Тут ей стукнуло в голову, что в пузырьках яд, печенье отравлено и мальчик собирался подложить его на стол, когда никто не видит. Рисунок ее головы, объятой пламенем, само собой, изображал, как она горит в геенне.
Естественно. В этом и состояла тайна: мальчик вознамерился отравить их всех.
Но где он взял яд?
Она предъявила доказательства Хаиму. Но Хаим взглянул на рисунки, на пузырьки и не усмотрел никакой связи между ними:
— Ну, что я говорил? Одаренный мальчик. Может, в нашем сыне скрыт истинный художник?
Шаббат. Регина зажгла свечи и произнесла слова благословения над хлебом и ребенком, который сидел за их столом, упершись в нее взглядом, как всегда.

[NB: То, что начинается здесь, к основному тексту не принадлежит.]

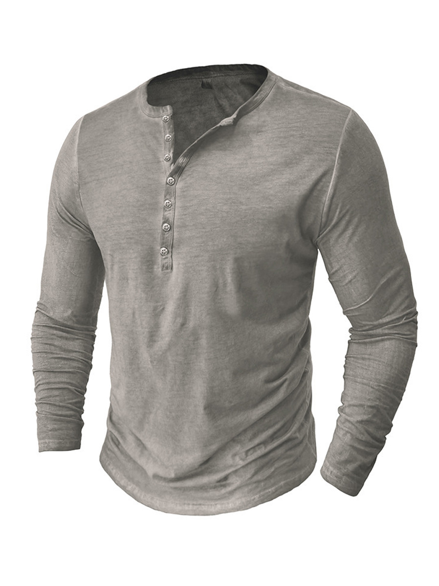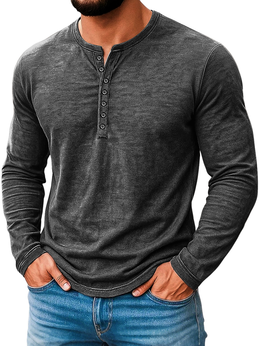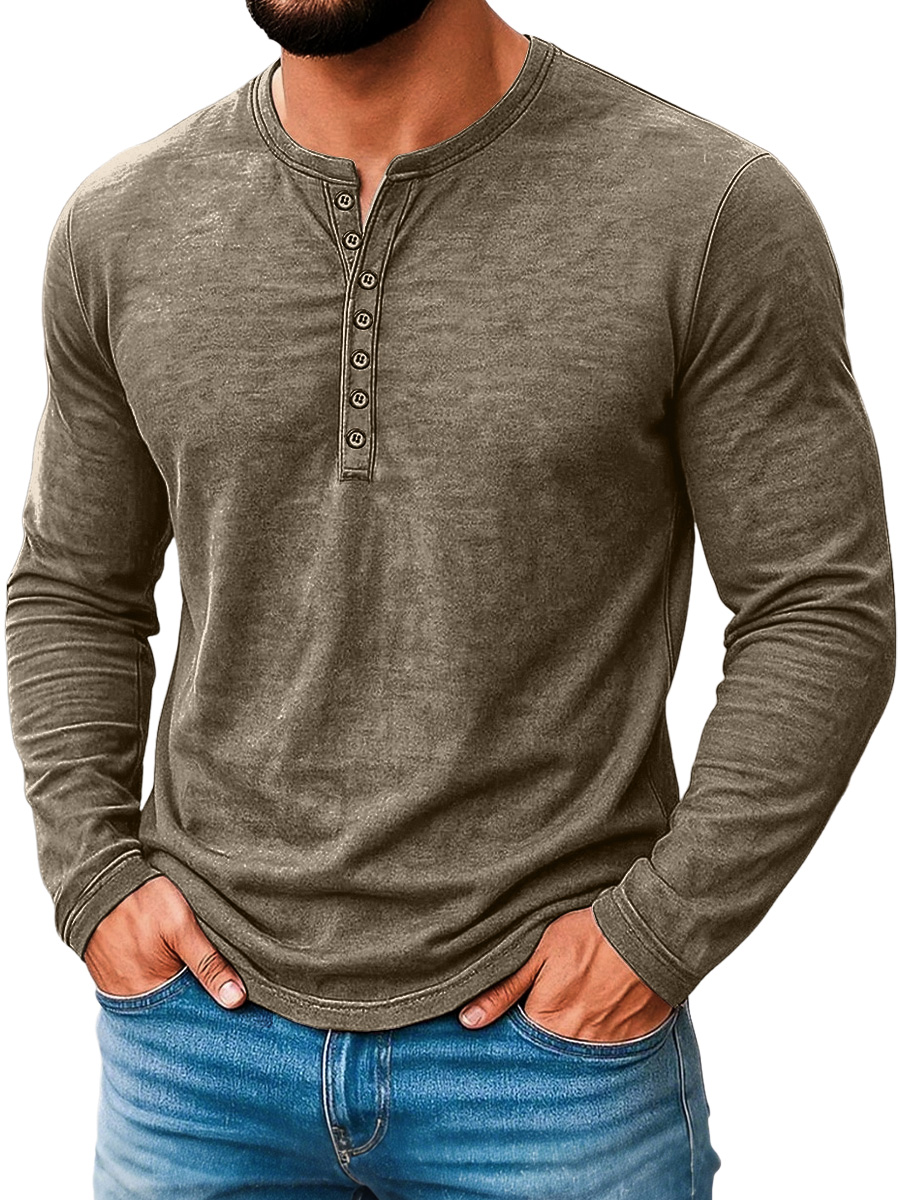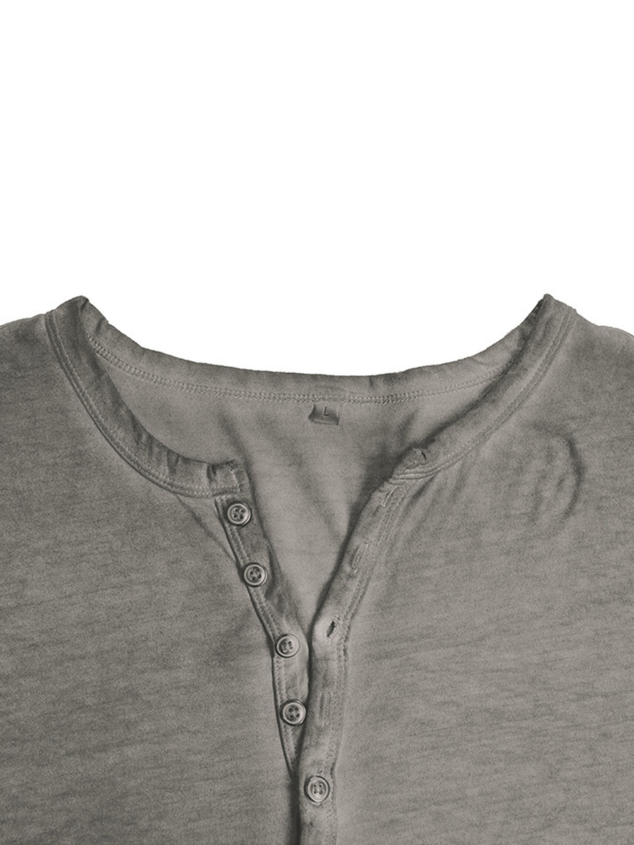 Men's Vintage Distressed Cotton Casual Button-Down Long Sleeve Henley Shirt

Хаим прочитал благодарственную молитву, похвалу женщине, а потом, с особым воодушевлением, «Jesimcha Elohim ke-Efraim ve-chi-Menashe», и прибавил напыщенным поучительным тоном, к которому прибегал всегда, когда говорил перед Ребенком: «…как Иаков, лежа на смертном одре, завещал своим сыновьям Эфраиму и Манассе стать примером для всех евреев, — так и ты расти и старайся стать примером для всех евреев гетто…»

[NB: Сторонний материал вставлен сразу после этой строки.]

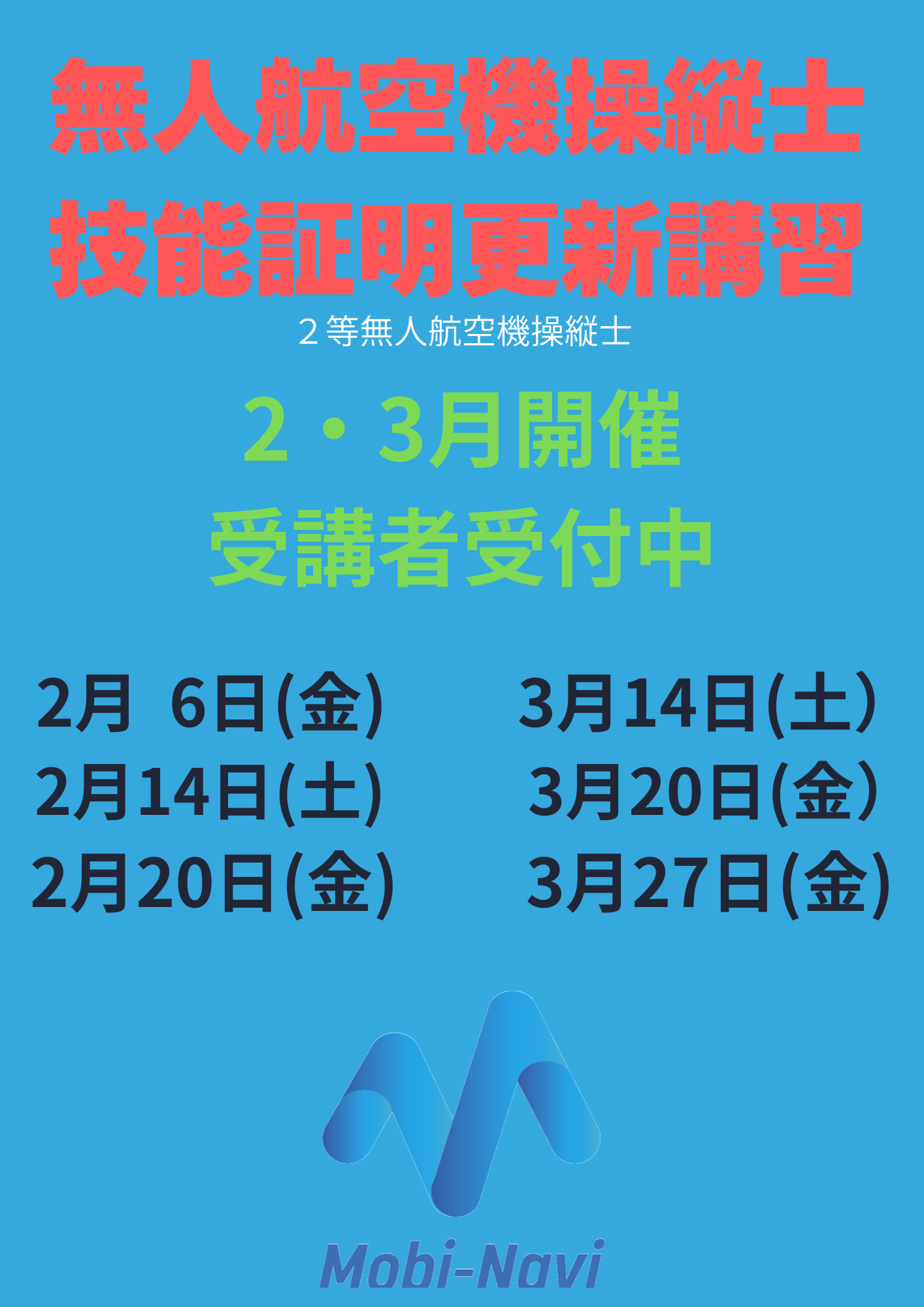 2026年1月4日 お知らせ国家資格 2026年2・3月度更新講習受付中!! モビリティナビ/MobiNaviDOMEでは、只今2・3月の更新講習の受講者の受付を行ってます。技能証明の有効期限の9か月前から受講可能ですが、更新期間(6か月)にならないと更新手続きに移行できませんので、注意してください。 更新講習の開催時間等の詳細についてモビナビドローンスクール事務局までお問い合わせください。 PREV BACK TO LIST 最新記事 2026.01.04 2026年2・3月度更新講習受付中!! 2026.01.01 新年あけましておめでとうございます。 2025.12.21 ドローン国家資格は実務直結型!! 2025.12.13 ハンドヘルド型レーザースキャナーの納品講習 2025.11.27 2026年1月度更新講習の開催日決定!! ブログカテゴリー リリース お知らせ アーカイブ スタッフブログ 製品の紹介 スクール準備 ドーム準備 国家資格 インストラクターのつぶやき 月別アーカイブ --選択ください-- 2026年1月 2025年12月 2025年11月 2025年10月 2025年9月 2025年8月 2025年7月 2025年6月 2025年5月 2025年4月 2025年3月 2025年2月 2025年1月 2024年12月 2024年11月 2024年10月 2024年9月 2024年8月 2024年7月 2024年6月 2024年5月 2024年4月 2024年3月 2024年2月 2024年1月 2023年12月 2023年10月 2023年9月 2023年8月 2023年7月 2023年6月 2023年5月 2023年4月 2023年1月 2022年12月

Регина подумала, что Хаим всегда обращался к ней торжественно и высокопарно, как в Судный день. И шаббат — единственный настоящий, единственный живой момент, который они переживали вместе, — превращался в спектакль, мертвечину.
Они сидели, скрывшись за своими Лицами, и Хаим был Председателем и говорил своей Жене, что он окольными путями прослышал, будто немцы вынуждены с потерями отступать на Восточном фронте и что если Господь Всемогущий захочет, то, может быть, мир настанет уже к весне; и Дитя было само Зло, оно сидело, бросая расчетливые взгляды то на Жену, то на Отца; и Отец с улыбкой рассказывал, как лежал в каморке на улице Кароля Мярки и терзался тем, что ему пришлось выслать из гетто всех детей, но Ангел, посланный Самим Всевышним, появился в его комнатушке и сказал Председателю — да, Мордехаю Хаиму Румковскому PERSÖNLICH сказал Ангел Господень, что здесь, в гетто, будет построен дом, и даже если из всех выживет только один, дом все равно продолжат строить; и когда он, утешенный этими словами, выбрался из своего храма страданий, ему позвонил, да, ему, Румковскому, именно позвонил гауляйтер Грайзер PERSÖNLICH, и объявил: как, с позволения сказать, вольный юрод Данциг когда-то жил в окружении держав, так и ваше еврейское государство вполне может существовать в нынешних границах Третьего Рейха; да, гауляйтер Грайзер употребил выражение Герцля — ваше еврейское государство, сказал он, и зачем хлопотать о том, чтобы построить его на израильской земле, если весь человеческий материал уже находится здесь, в гетто, и все машины, и все оборудование? Все есть для работы, которую люди готовы исполнить. Да, так гауляйтер Грайзер сказал Румковскому (повторил Хаим), и подмигнул мальчику (а мальчик подмигнул ему в ответ); и Хаим поднялся из-за стола и сказал, что собирается ненадолго прилечь и насладиться субботним покоем, и мальчик захотел последовать за ним; и оба они поднялись и ушли в Комнату. И точно как в гангстерских фильмах, которые Регина смотрела в кинотеатре «Сказка», стройная фигура Гертлера показалась из-за кулис, и Гертлер иронически произнес: зачем вам покидать гетто, Рухля, разве вы не знаете, что лучше, чем сейчас, уже не будет?.. Она видит, как он светски выпускает дым из ноздрей, тянется вперед и тушит сигарету в пепельнице, которую она поставила перед ним, а потом прибавляет деловитым и трезвым тоном, совсем как Беньи (а их ноги все еще привязаны к ножкам стула):
— Он не пощадит ни одного из вас, дорогая Регина, ни одного; он лишит жизни всех вас…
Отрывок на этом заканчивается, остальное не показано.